Problem:
Reproduce the lines below exactly. Begin with the first, end with the line containing "单片玻璃、夹层玻璃和真空玻璃的最小装配尺寸(mm)", and leave out the pictures.

Material for this task:

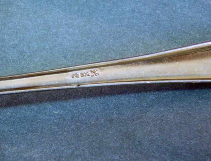 Gestempelt mit: Mond, Krone und 800 (für 800er Silber) sowie einem Symbol (schräg stehende, gekreuzte Symbole darüber R und unten K).
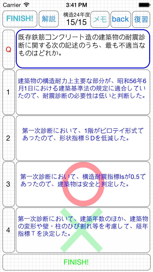 気になる問題や分からなかった問題はメモボタンをタップすることで保存しておくことができます。後でまとめてチェックできるので、効率的に解けない問題を減らしていくことが可能です。
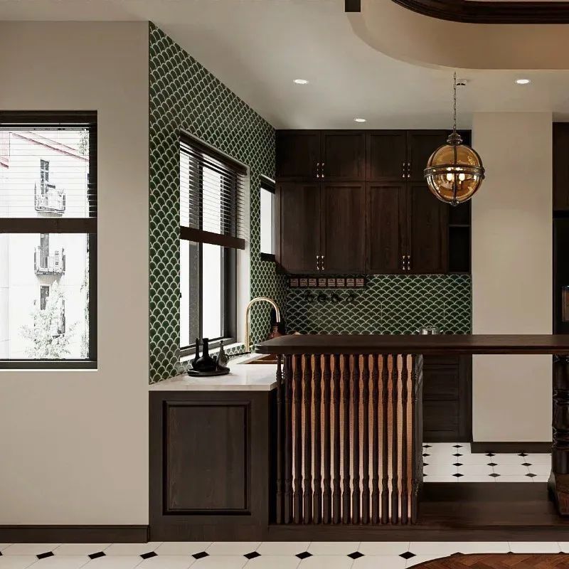 小花瓷砖的铺设为整个空间增添了一抹浪漫的色彩。每当阳光透过窗户洒进来,厨房便充满了温馨而高级的气息。
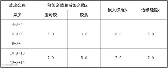 单片玻璃、夹层玻璃和真空玻璃的最小装配尺寸(mm)
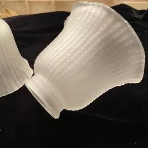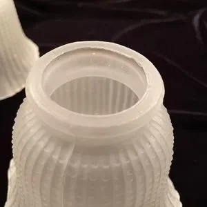 Set of 3 …These were original to our Circa 1929 New England home. Lovely ruffled bottom @ 5” diameter. Lightly frosted with beaded motif. Fitter, which attaches to the fixture itself is 2-1/8” diameter Overall Height is 4” from base to top of fitter.
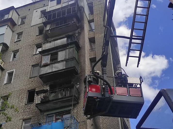На місці рятувальники встановили, що у дев’ятиповерховому житловому будинку горять балкони з п’ятого по дев’ятий поверх з частковим розповсюдженням у квартири.
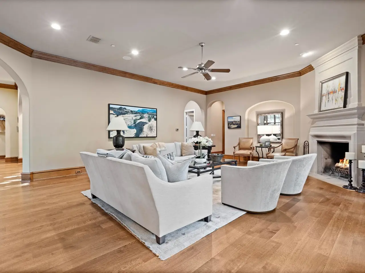 On a prominent corner in one of Dallas’s most prestigious enclaves, this 6,650 square foot architectural masterpiece delivers the pinnacle of refined living. Behind its stately facade, a dramatic foyer is flanked by formal living and dining rooms, setting an elegant stage for both grand entertaining and intimate gatherings. Beyond, the light-filled family room anchors the homes main living space, seamlessly flowing to a charming breakfast area warmed by its own fireplace and enhanced by a custom coffee bar. The gourmet kitchen is a culinary showpiece: dual sinks, a Wolf commercial-grade range, built-in refrigerator, generous island, and exceptional storage, crafted for both the serious chef and gracious host. The grandeur primary suite is a true sanctuary, offering vaulted ceilings, a spa-like bath with soaking tub and walk-in shower, and a custom-designed closet worthy of a boutique. A richly paneled executive office, serene guest suite, and sophisticated powder bath complete the first level. Upstairs, a sprawling game room with a wet bar, a fully equipped media room, and three additional bedrooms, each with an ensuite bath and a walk-in closet, offer unmatched comfort for family and guests. Outdoors, lush landscaping frames a sparkling pool and spa, while a covered patio with a fireplace and a full summer kitchen invites year-round al fresco living. A porte-cochre leads to the car court, and the garages are fit for three cars, completing this rare offering. Positioned within Preston Hollow Elementary, and minutes from Dallas’s most elite private schools, luxury shopping, fine dining, and the Dallas North Tollway, this home defines Preston Hollow living at its finest.
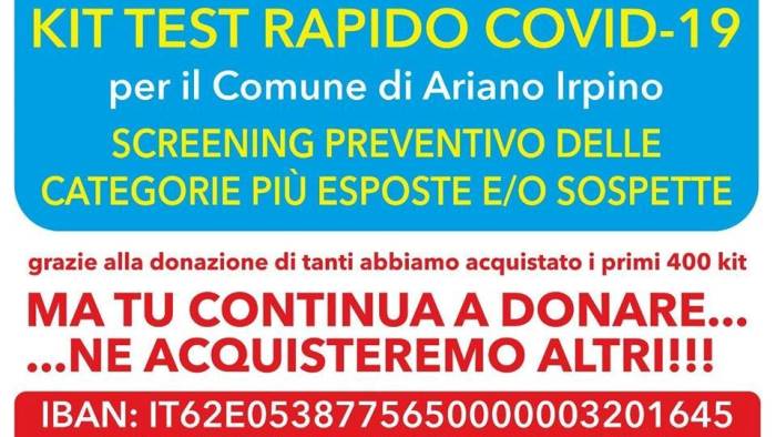 Il gruppo di associazioni arianesi che hanno promosso la raccolta fondi per l’acquisto dei kit di Test rapidi Covid-19, ringraziano gli imprenditori, le associazioni arianesi, ed i cittadini privati che con le loro generose donazioni, hanno permesso l’acquisto dei primi 400 kit.

Result of the task:
 Gestempelt mit: Mond, Krone und 800 (für 800er Silber) sowie einem Symbol (schräg stehende, gekreuzte Symbole darüber R und unten K).
 気になる問題や分からなかった問題はメモボタンをタップすることで保存しておくことができます。後でまとめてチェックできるので、効率的に解けない問題を減らしていくことが可能です。
 小花瓷砖的铺设为整个空间增添了一抹浪漫的色彩。每当阳光透过窗户洒进来,厨房便充满了温馨而高级的气息。
 单片玻璃、夹层玻璃和真空玻璃的最小装配尺寸(mm)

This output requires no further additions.